Mississippi Today
Mississippi Medicaid expansion bill moves forward in GOP-led House over governor’s opposition
The state’s Republican-led House is expected to vote on Mississippi Medicaid expansion as soon as Wednesday after a committee unanimously approved it Tuesday.
House Bill 1725, authored by Republican House Speaker Jason White and Medicaid Chairwoman Missy McGee, R-Hattiesburg, has bipartisan support in the House, even as the state’s Republican governor continues to oppose the policy.
The morning after Gov. Tate Reeves didn’t mention health care or Medicaid expansion once during his State of the State address, he posted on Twitter “Count me amongst those ‘extreme MAGA Republicans’ who think Government should not run health care.”
During Tuesday’s meeting, McGee explained to committee members that Mississippi during the first two years of expansion would receive an extra $600 million in federal money for Medicaid. She said that amount would cover the state’s share of expansion for four years. After that, under the House plan, hospitals and managed care organizations would pay more taxes to cover the state’s 10% match, with federal funds covering 90% of expansion costs.
“You could almost look at it like the government is giving us a free pilot program, to run for four years,” McGee said during the committee meeting. McGee said hospitals and MCOs would start paying the increased tax in the first year and the state could bank that money, perhaps in a health fund.
The bill, which expands Medicaid eligibility to adults without dependents between the ages of 19 and 65, has a built-in repealer, meaning it would automatically end after four years if lawmakers chose not to renew it.
Currently, low-income, adult Mississippians fall into the “coverage gap,” which experts believe is a leading cause of Mississippi’s poor public health metrics – such as leading the nation in preventable deaths, infant and maternal mortality, and lowest life expectancy. Mississippi remains one of only 10 states not to expand Medicaid. Expansion would provide health care to about 200,000 to 250,000 Mississippians, experts said.

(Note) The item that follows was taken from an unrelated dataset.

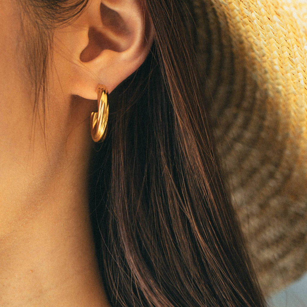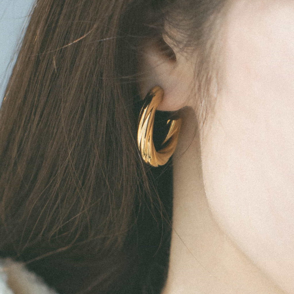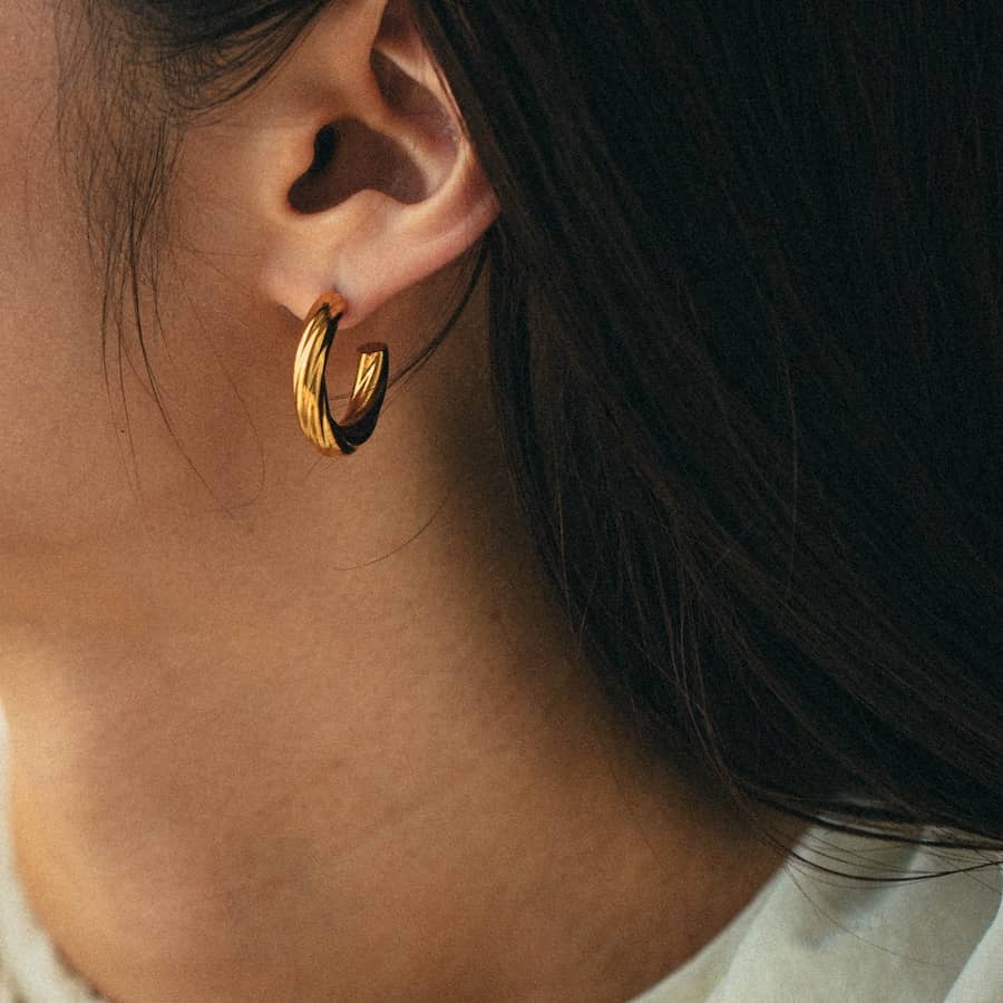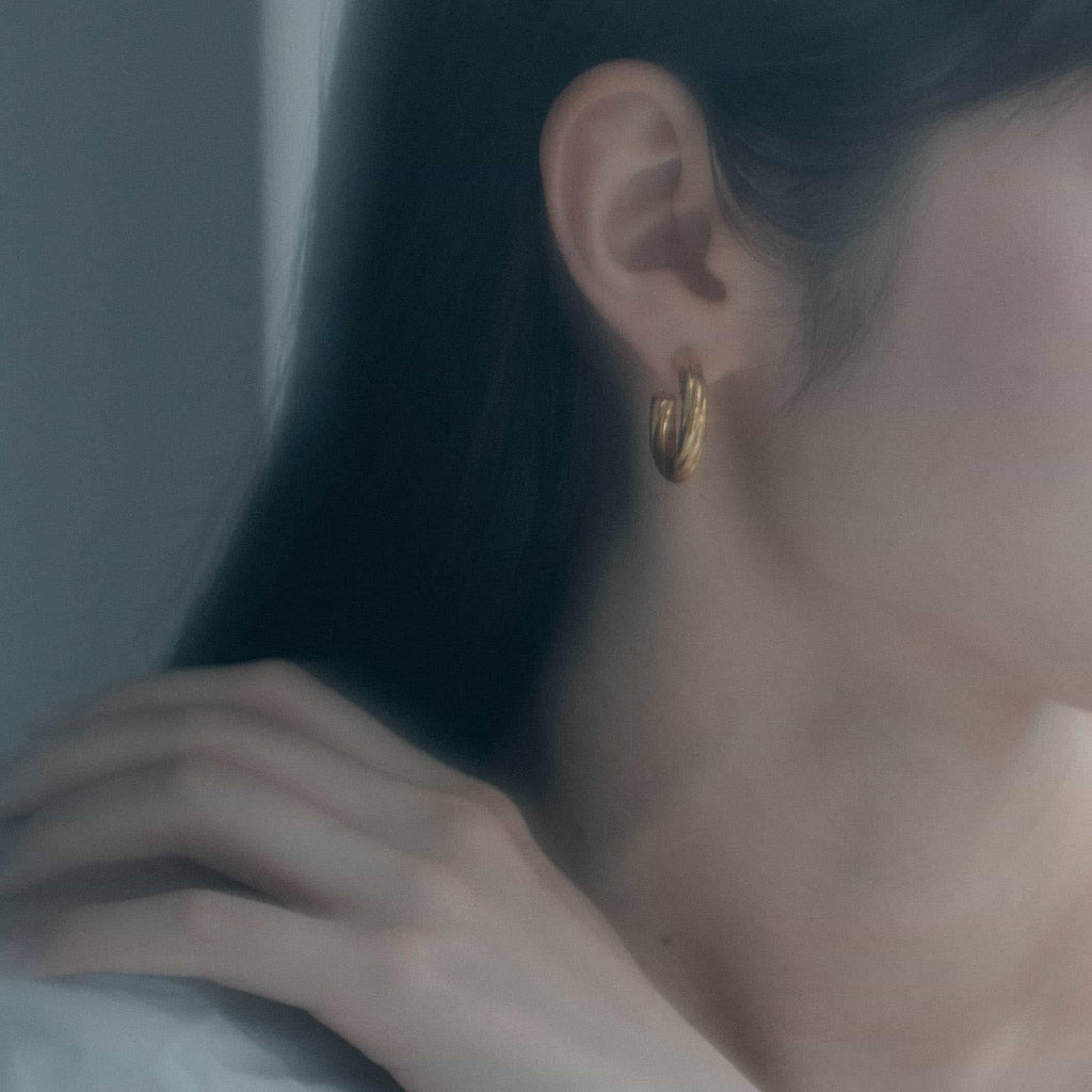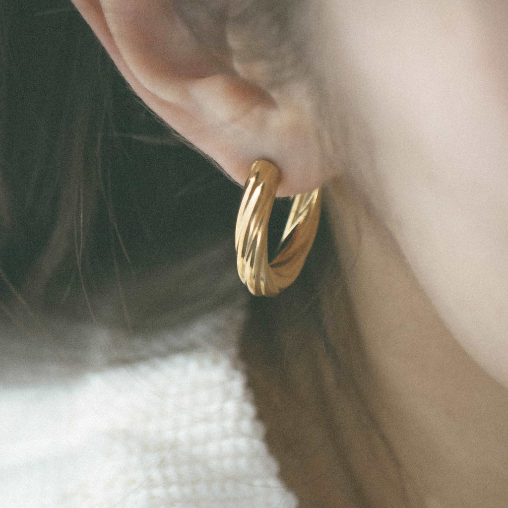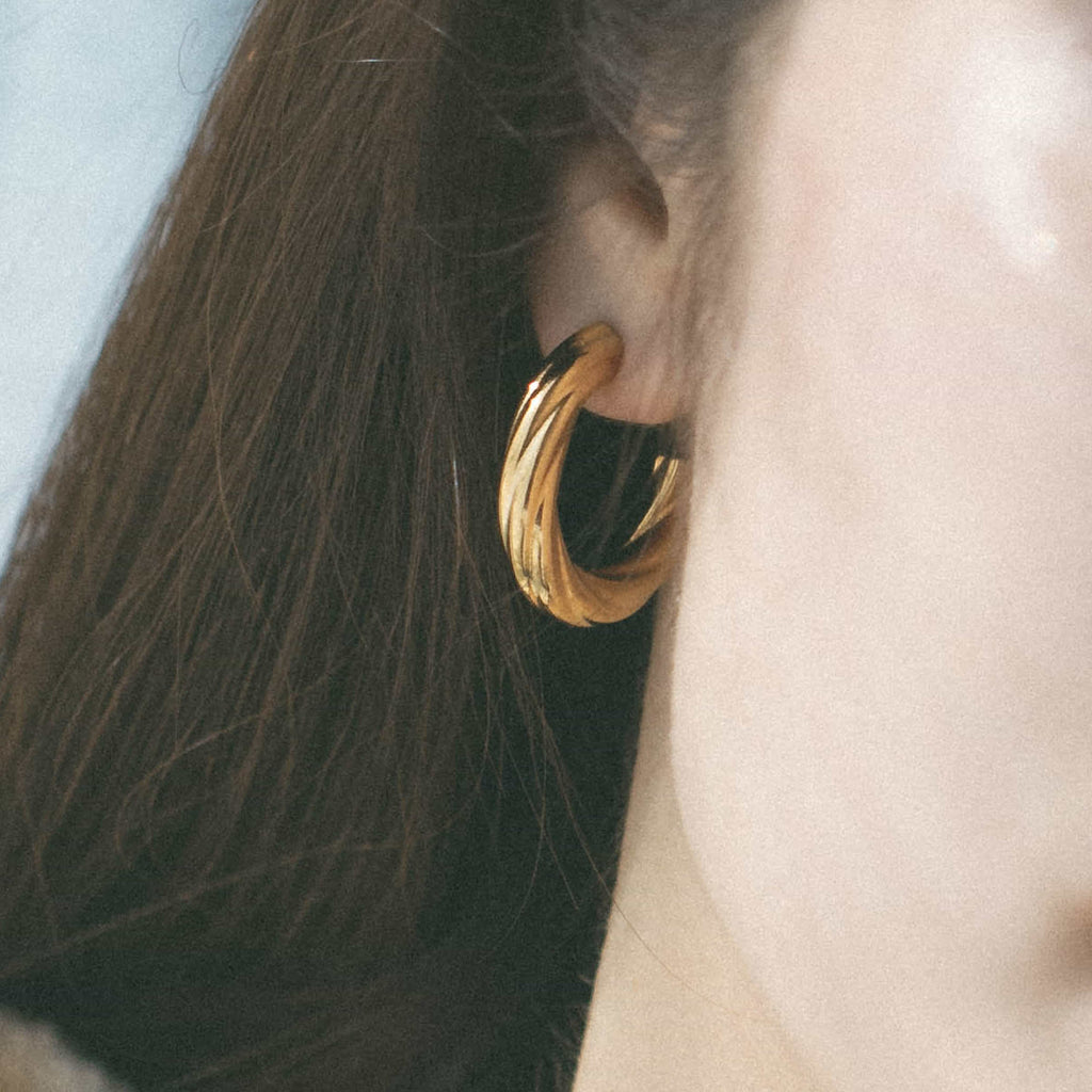 ツイストデザインが耳元に立体感を加え、洗練された印象を与えます。

The bill would expand Medicaid income eligibility to 138% of the federal poverty level. For a family of four, that would be an annual household income up to about $43,000.
The House bill has some strict limitations. It would not cover those who are offered health insurance from their employer — even if they couldn’t afford the sometimes very expensive deductibles — and would make those who drop coverage even from the Affordable Care Act exchange wait 12 months before being eligible.
“If it doesn’t work out, if we decide that our health outcomes have not improved, if it costs too much for the state, if for any reason we do not believe that it is doing the things that we want it to do, the program will simply repeal in 2029,” McGee said.
The bill passed committee the day after it was assigned. But that’s after 10 years of debate and GOP leaders in the poorest, unhealthiest of states eschewing “Obamacare” Medicaid expansion. Reeves and his Republican predecessor, Phil Bryant, likened the state-federal health coverage to welfare and voiced opposition to taking more federal tax dollars from it, even as Mississippi remains one of the most federal funding reliant states in the nation.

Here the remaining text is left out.